RANA’S WEDDING (aka: ANOTHER DAY IN JERUSALEM)
(director: Hany Abu-Assad; screenwriters: Liana Badr/Ihab Lamey; cinematographer: Brigit Hillenius; editor: Denise Jansee; music: Bashar Abd Rabbou/Mariecke van der Linden; cast: Clara Khoury (Rana), Khalifa Natour (Khalil), Ismael Dabbag (Ramzy), Walid Abed Elsalam (Marriage Official), Zuher Fahoum (Abu Siad, Rana’s father), Bushra Karaman (Rana’s grandmother); Runtime: 90; MPAA Rating: NR; producers: Bero Beyer/George Ibrahim; Arab Film Distribution; 2002-Palestine-in Arabic with English subtitles)
“What’s interesting are the shots of daily life in East Jerusalem and how it’s seen through the eyes of the Arab heroine.”
Reviewed by Dennis Schwartz
A less than rosy outlook at the Israeli occupation of the Palestine territories, as directed by Palestinian filmmaker Hany Abu-Assad (“Paradise Now”/”Ford Transit”). It’s written byLiana Badr and Ihab Lamey.
It chronicles the predicament of the feisty 17-year-old Rana (Clara Khoury), who lives with her wealthy parents in occupied East Jerusalem. Her fatherAbu Siad (Zuher Fahoum) is moving to Cairo and has given her a choice,she can stay home and choose from a list of potential husbands selected by her father or she can travel to Egypt with her father to finish her studies. The headstrong Rana is in love with theater director Khalil (Khalifa Natour), a Palestinian who runs a theater in Ramalla, and wishes to make her own choice–so she chooses to marry Khalil.

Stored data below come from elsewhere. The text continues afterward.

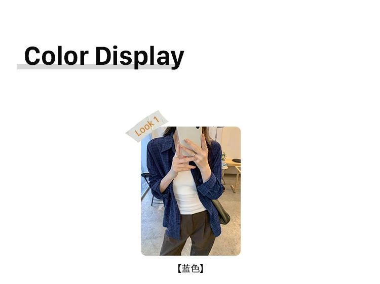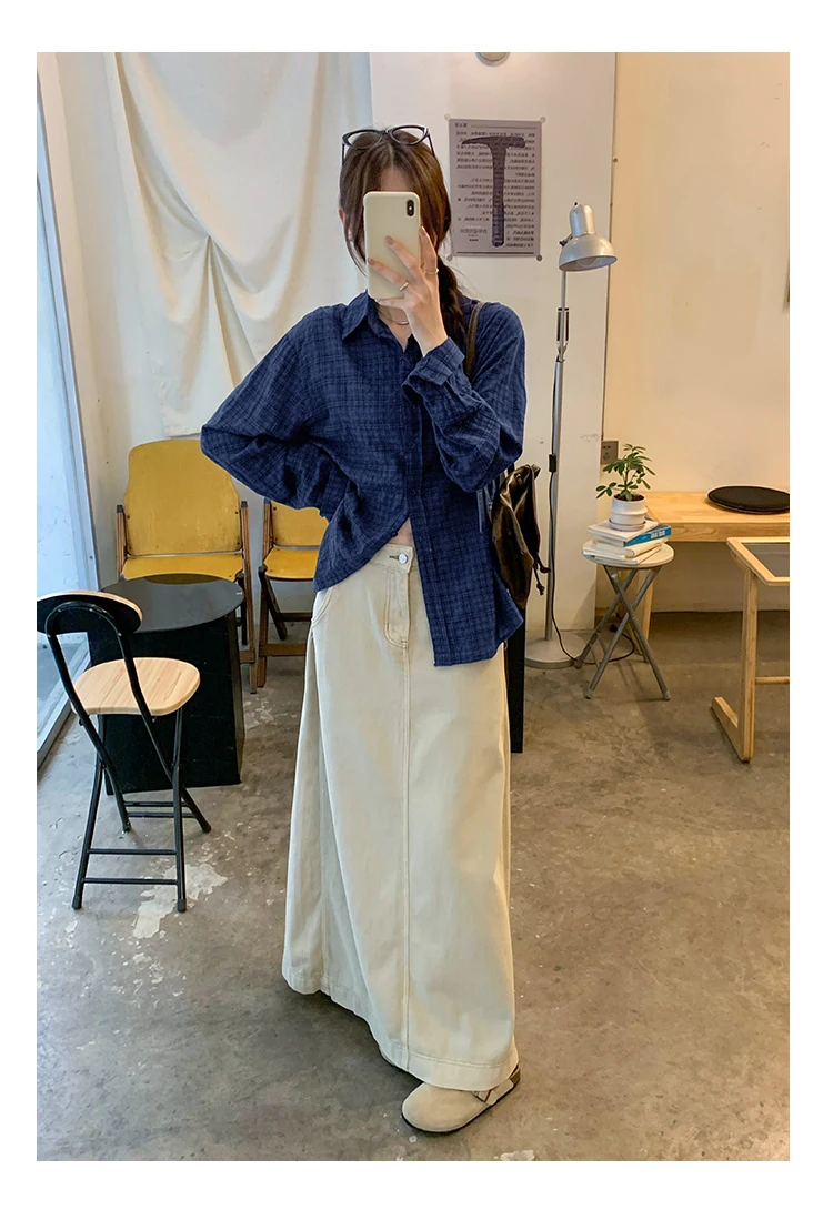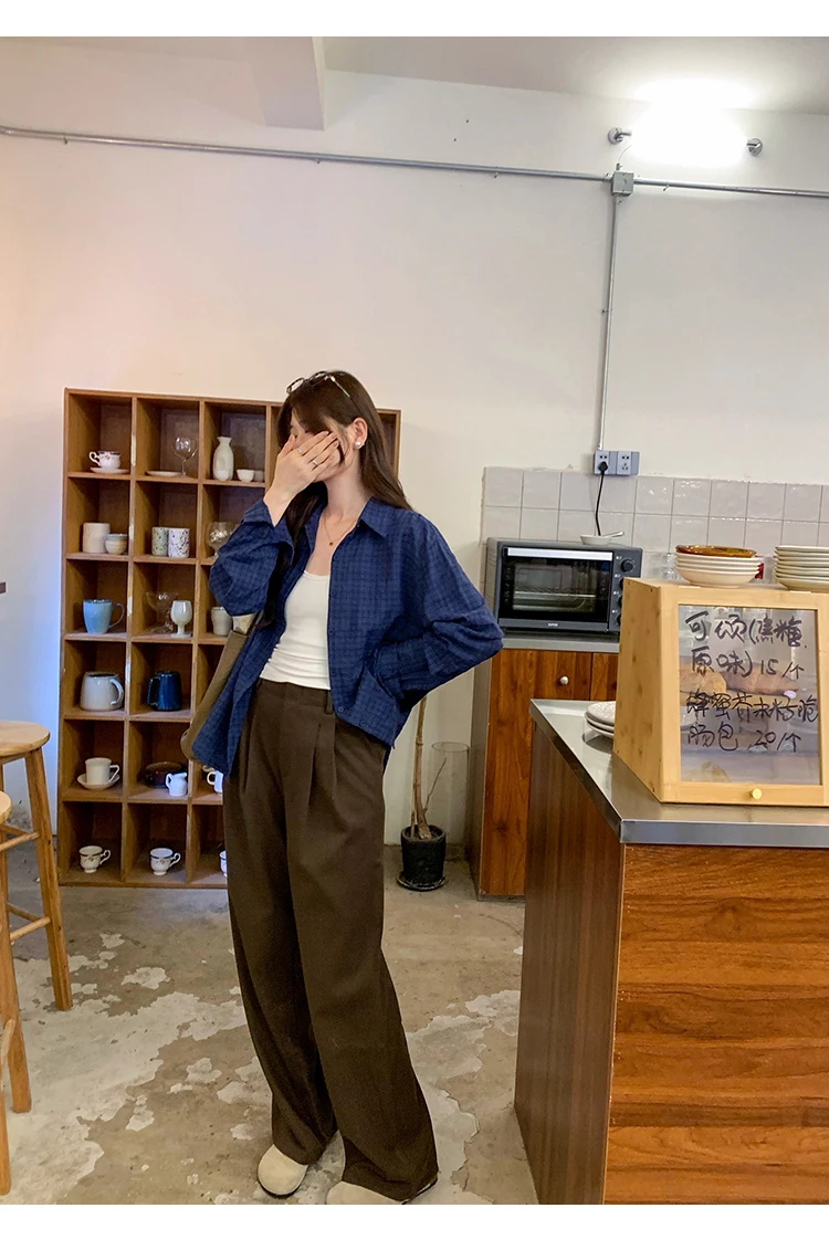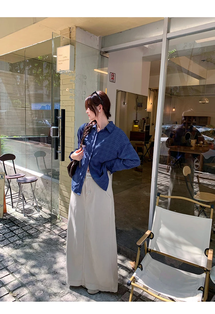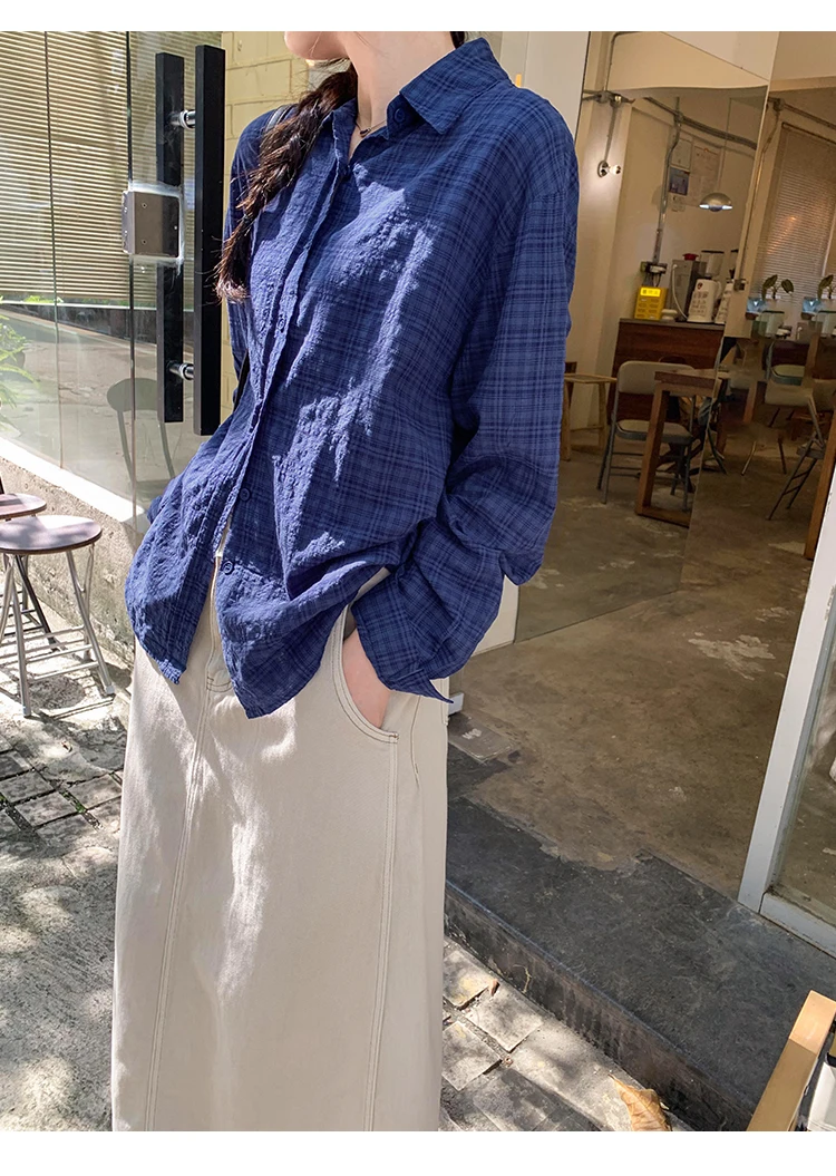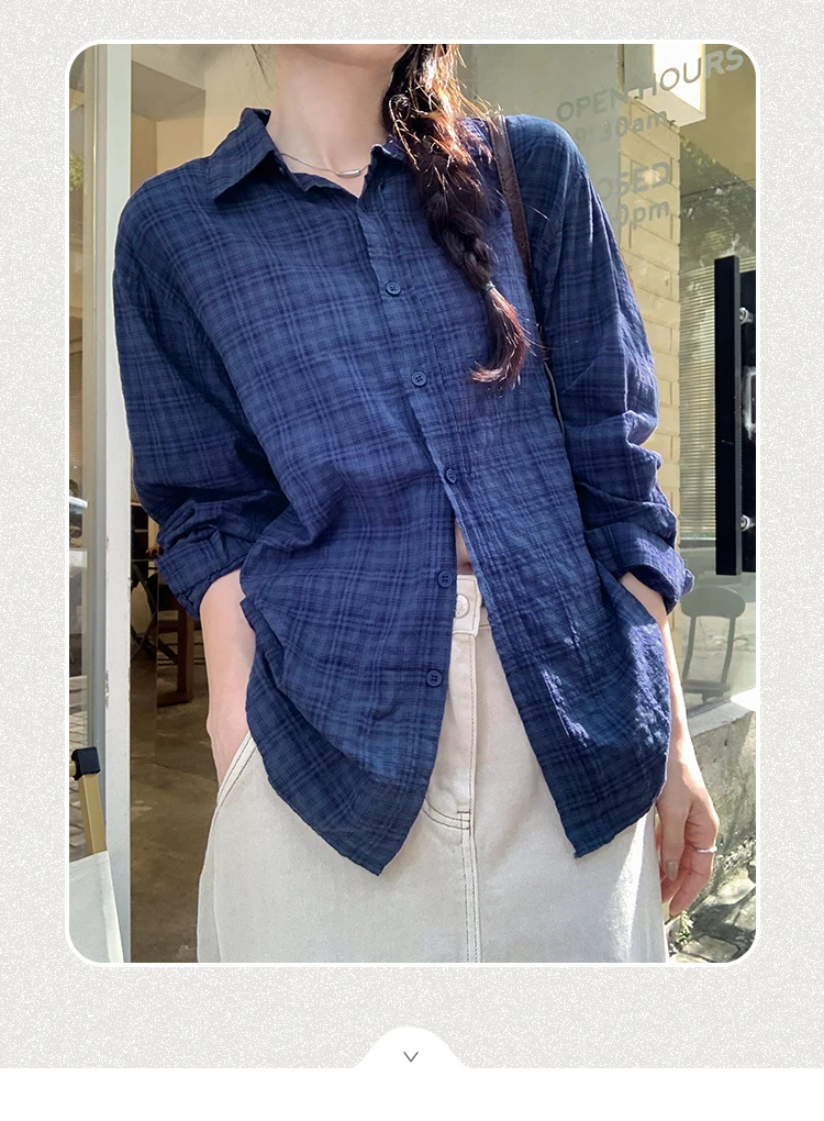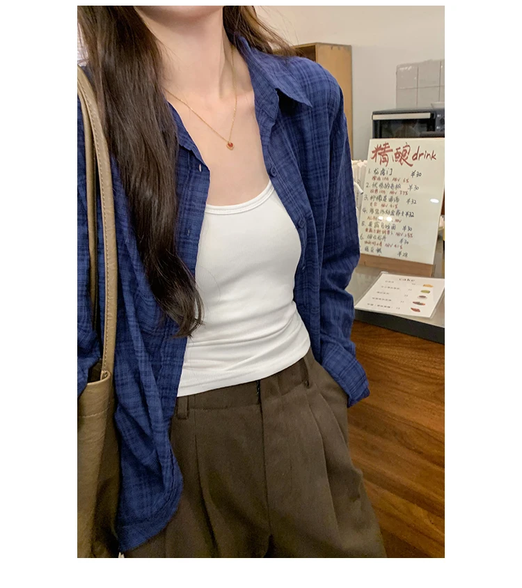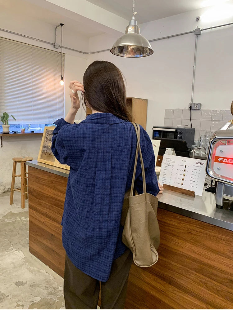 Advbridge Retro French Casual Slim Women Shirt Street Loose Fashion Plaid Woman Shirt Blue Chicly Simple Basic Long-Sleeved Shirt Female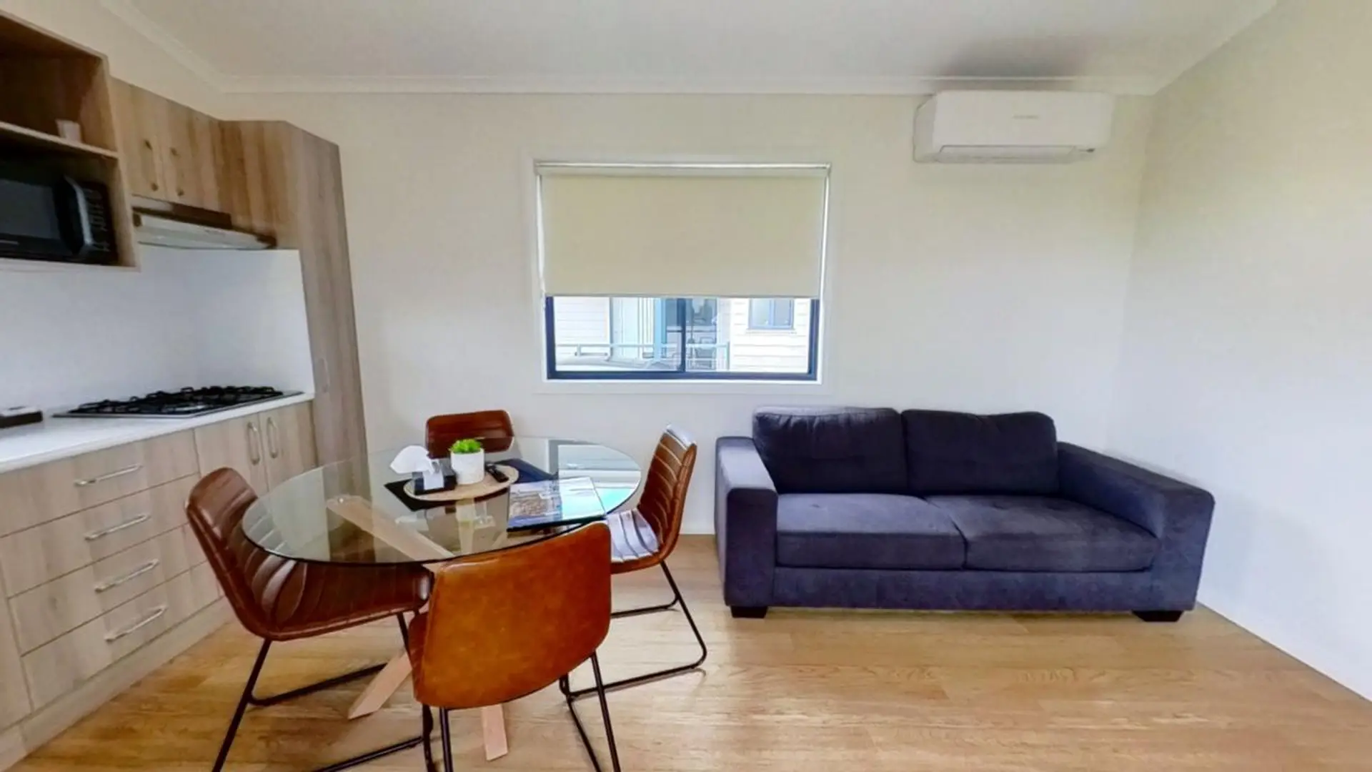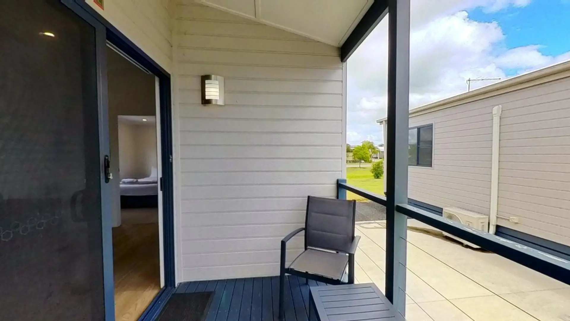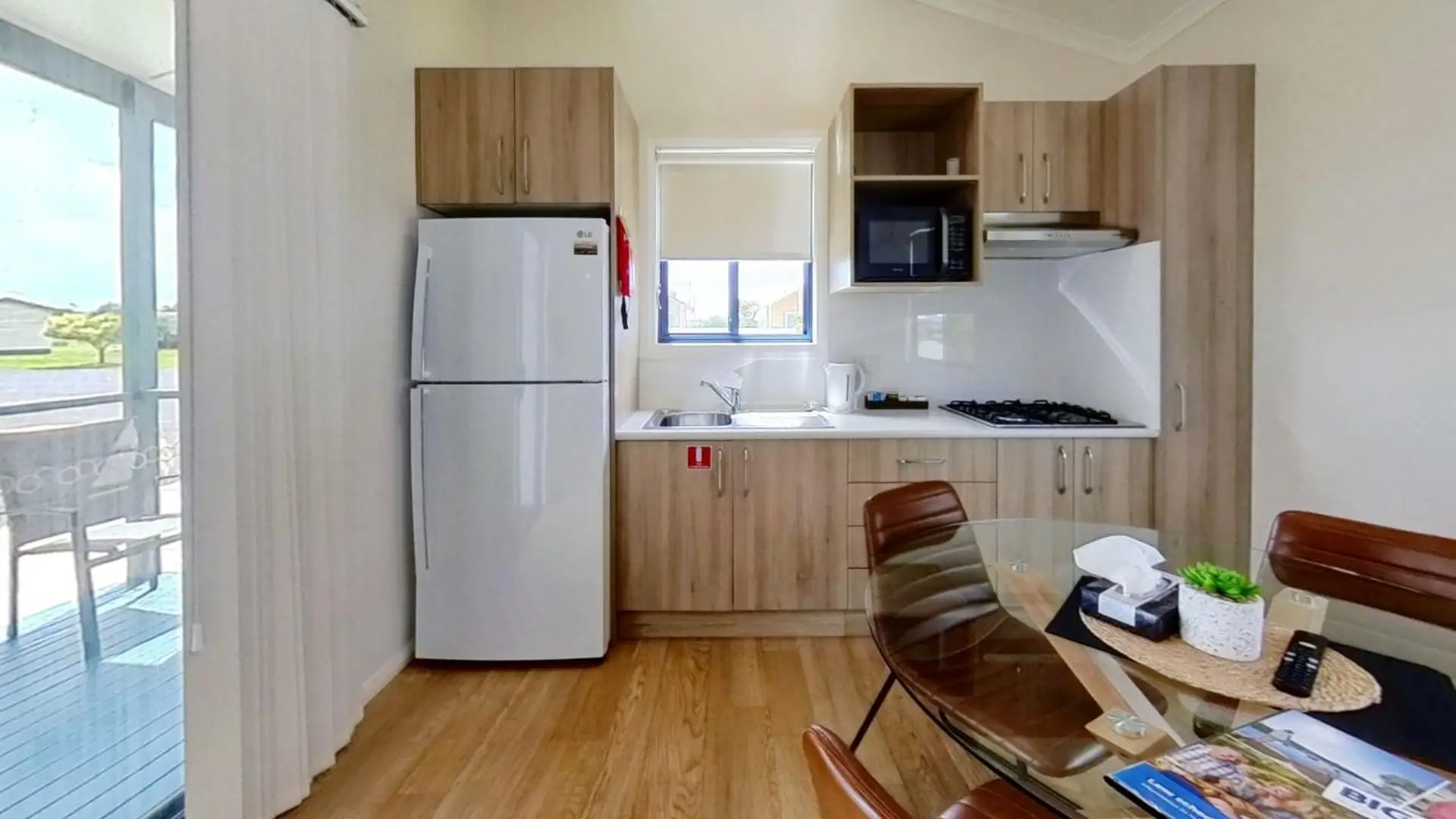 This comfortable two-bedroom cabin is perfect for up to four guests, featuring two queen beds. The air-conditioned living space includes a dining area and TV, while the kitchen comes equipped with an electric cooktop, microwave, and full-size fridge. A spacious undercover deck adds a relaxing outdoor touch.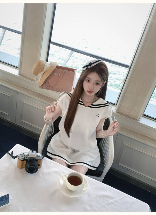 • Mon. 薄荷語條紋水手蝴蝶領上衣半身裙套裝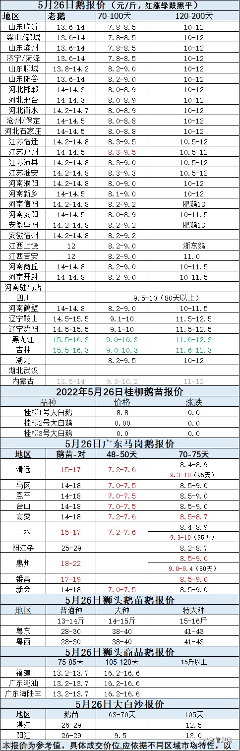 2022年5月26日鹅种蛋价格(元/枚)部分停报
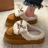 Nuevas Pantuflas de Algodón 2025 para Mujer en Otoño e Invierno Forradas de Felpa para Heattech Suela Gruesa Antideslizante Hogar Pantuflas Peludas con Lazo para Uso Exterior
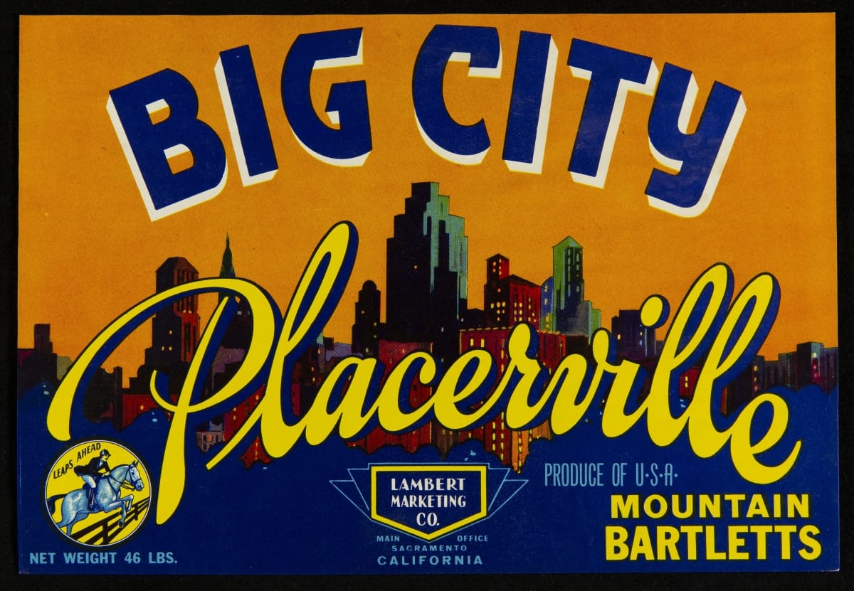 In 1869, the transcontinental railroad opened eastern markets to the West Coast produce industry for the first time. As produce companies shipped crates of fruits and vegetables across the country, they needed a way to distinguish their goods from their competitors'. Colorful, eye-catching labels, like this one for Big City Brand Mountain Bartlett Pears, were created to attract grocers purchasing goods from wholesale markets.

Rana must unite with the free-spirited artistic Khalil before the 4 P.M. deadline, but the groom is unable to reach Jerusalem that night because of a bombing. They meet the next day and locate a registrar who they must convince to marry them. They also must convince her father that Khalil’s the right choice rather than the good-provider young professional men he has chosen. There’s gridlock in Jerusalem due to the roadblocks, closed borders, rock throwing Palestinian youths and the rigid Israeli authorities and their power plays, as the wedding story becomes an obvious metaphor for the hardship of life for those Palestinians who live in an occupied land. That the wedding does take place at the last minute despite both irritating and harrowing hassles, becomes a sign of hope–even if the wedding is held in a car on the road.
The slight story is eloquently told. What’s interesting are the shots of daily life in East Jerusalem and how it’s seen through the eyes of the Arab heroine. Some of the film’s grimness is removed by its unsettling comical moments and the sympathy laid on the earnest sweet young couple as the hope for a better future. Its final words, said over the credits, are from “State of Siege,” a militant poem by Mahmoud Darwish, that calls for ongoing Palestinian resistance and faith in the future.
It was shot on location in East Jerusalem, Ramallah and at checkpoints in-between.